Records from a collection
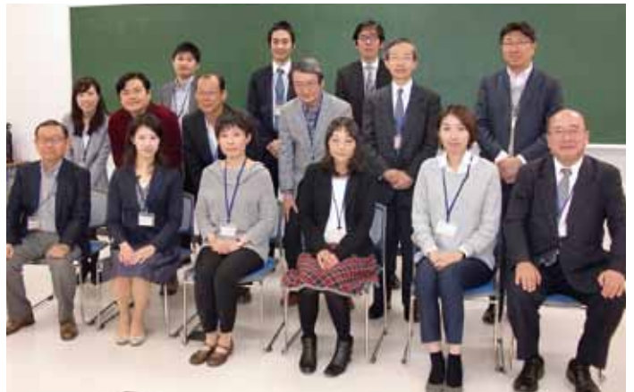
当日参加頂いた法学部卒業生の皆様
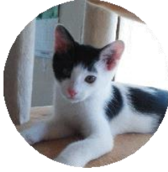
のぞみ (改名プリン)
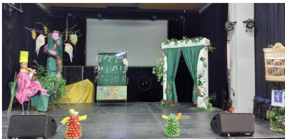
Décor du spectacle « la flûte enchantée » du conservatoire d'Antony en 2023
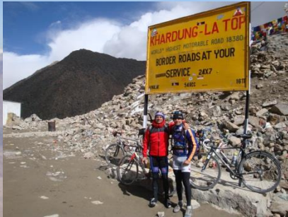
Khardung La (5.602m)
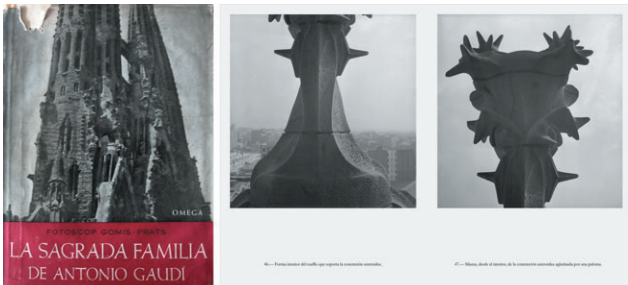
Figura 2. Pliego del “fotoscop” La Sagrada Familia de Antonio Gaudí , 1952.
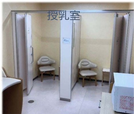
【24時間ご利用可能なベビーコーナー】
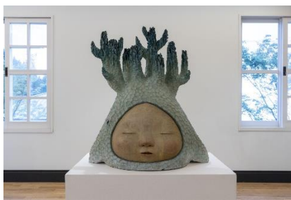
中村萌《Grow in silence》 2020年 六甲山サイレンスリゾート
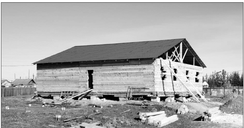
хааччылыылаах уопсай дьизэлэр тутула тураллар.

Улуус сүтүгүтүн үбүлэнэн Дьаарханна дэриэбинэ ортотугар элбэх аналлаах киин таһыгар уонна Ньурбачаанга 4 кыбартыралаах толору
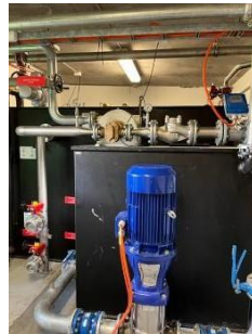
SOLBERG 1% RE- HEALING
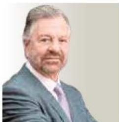
POR JORGE G. CASTAÑEDA.

Traducción del inglés de Nicolás Medina Mora. Revista Nexos
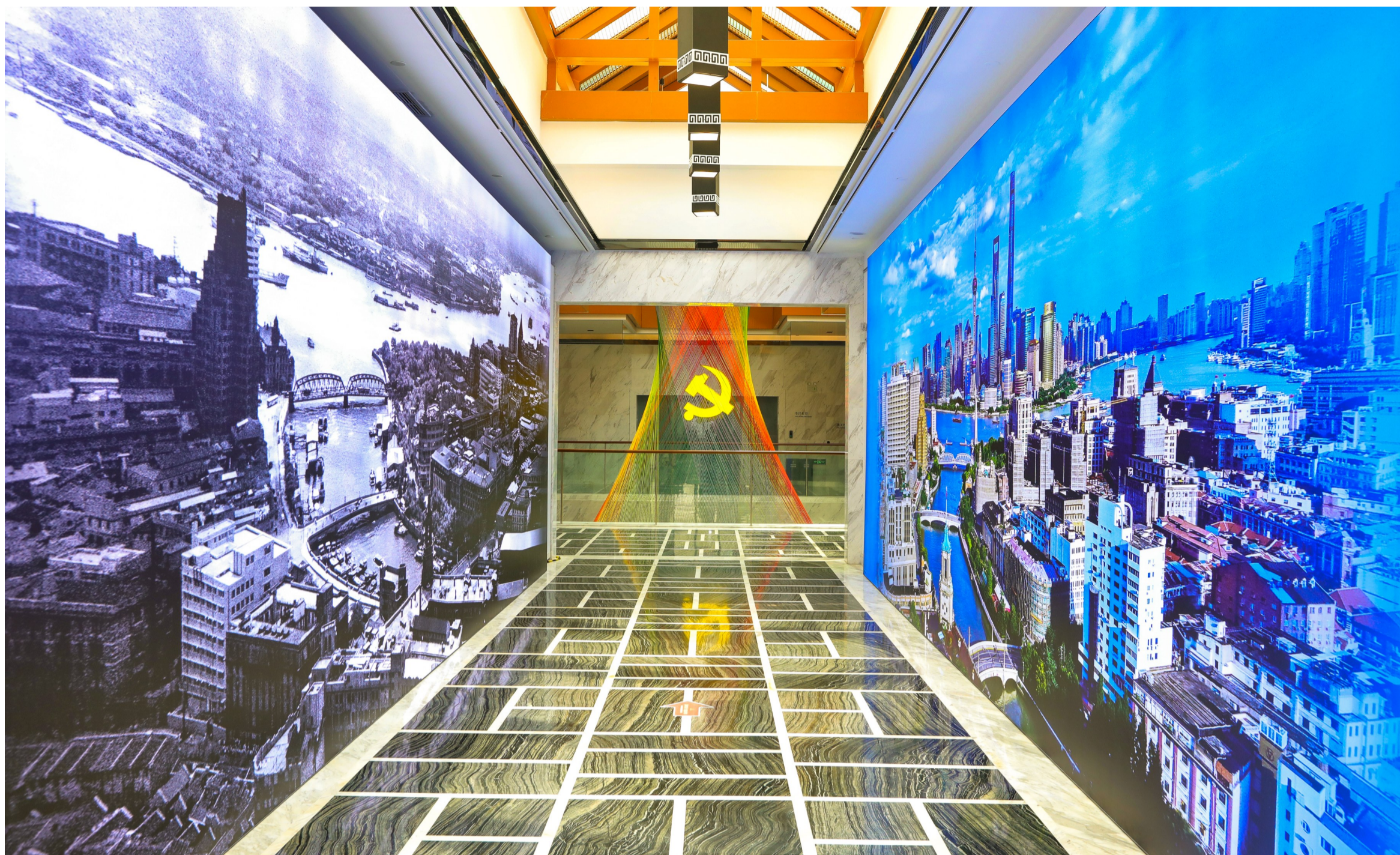
新旧照片对比,让观众直观感受到浦东日新月异的变化。

- _Task description_:
Your task is to restate every record word for word. Omit all pictures.

- _Answer section_:
当日参加頂いた法学部卒業生の皆様
のぞみ (改名プリン)
Décor du spectacle « la flûte enchantée » du conservatoire d'Antony en 2023
Khardung La (5.602m)
Figura 2. Pliego del “fotoscop” La Sagrada Familia de Antonio Gaudí , 1952.
【24時間ご利用可能なベビーコーナー】
中村萌《Grow in silence》 2020年 六甲山サイレンスリゾート
хааччылыылаах уопсай дьизэлэр тутула тураллар.

Улуус сүтүгүтүн үбүлэнэн Дьаарханна дэриэбинэ ортотугар элбэх аналлаах киин таһыгар уонна Ньурбачаанга 4 кыбартыралаах толору
SOLBERG 1% RE- HEALING
POR JORGE G. CASTAÑEDA.

Traducción del inglés de Nicolás Medina Mora. Revista Nexos
新旧照片对比,让观众直观感受到浦东日新月异的变化。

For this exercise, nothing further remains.